Consistent with this philosophy, Moore then devoted a section to “the fallacy of judicial supremacy,” concluding with the declaration that “we should reject the conversion of our republican form of government into an aristocracy of nine lawyers.”
Notwithstanding Moore’s obstructionism, gay marriage ultimately proceeded in Alabama, but his defiance prompted a second ethics complaint for the administrative orders he had issued. In May 2016 Alabama ethics authorities suspended Moore, setting up another round of litigation with the state’s top judicial authorities. Ironically, Moore first went into federal court seeking an injunction against the disciplinary proceedings, but that effort failed in August on abstention grounds. Moore v. Judicial Inquiry of the State of Alabama, 200 F. Supp. 3d 1328 (M.D. Ala. 2016). In September 2016, ethics authorities sustained the charges and suspended Moore for the balance of his six-year term. And this past April the Alabama Supreme Court, again specially constituted because all of its other regular members recused themselves, upheld that suspension, effectively ending Moore’s tenure as Chief Justice. Moore v. Alabama Judicial Inquiry Commission, 2017 WL 1403696 (Sup. Ct. Ala., April 19, 2017).

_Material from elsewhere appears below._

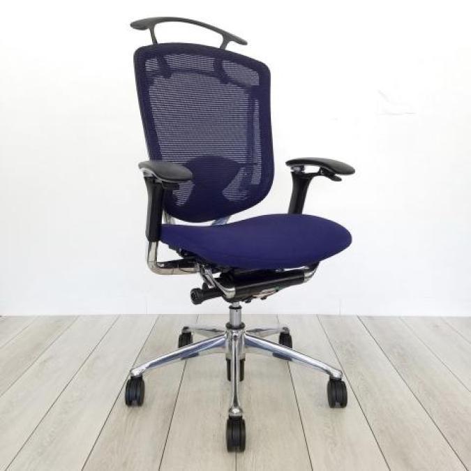 【オカムラ製の最高級チェアが残り1脚限りです!!】オフィスバスターズ 東大阪店 オカムラ製 コンテッサ シリーズ ダークブルー アジャストアーム※可動肘 背/座面メッシュ ランバー 世界で認められた革新的タスクチェア!人間工学に基づいた快適な座り心地を実現! 肘付きハイバックチェア!! 中古 外部倉庫品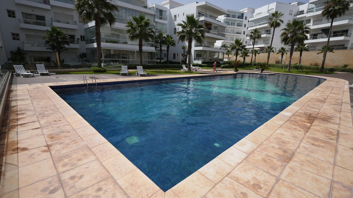 ✨Somptueux appartement à Résidence Costa Blanca, Tamaris!✨ Magnifique appartement , offrant confort et élégance, idéal pour des séjours relaxants en bord de mer. Situé dans une résidence sécurisée avec 6 grandes piscines, espaces verts, salle de sport, kids club, parking privé et accès direct à la mer. Cet appartement est parfait pour les familles, amis ou professionnels à la recherche de détente et de bien-être. Cadre moderne et paisible à 15 min de Casablanca et a 1 min des commerces.

Roy Moore’s second removal from his Chief Justice position would make for a colorful coda to a troubling story in Alabama if Moore were headed into retirement from public life. But Moore is not retiring and may well be a member of the U.S. Senate come January 2018.
In normal times, the prospect of a single federal-court obstructionist in the Senate would be cause for little concern. These, however, are hardly normal times in our nation’s capital, as we face an increasingly angry and extreme political dynamic. If Moore does join the Senate, we can expect to hear a lot more about the right, indeed the obligation, of federal and state officials to refuse to honor controversial rulings from the federal courts, including the Supreme Court.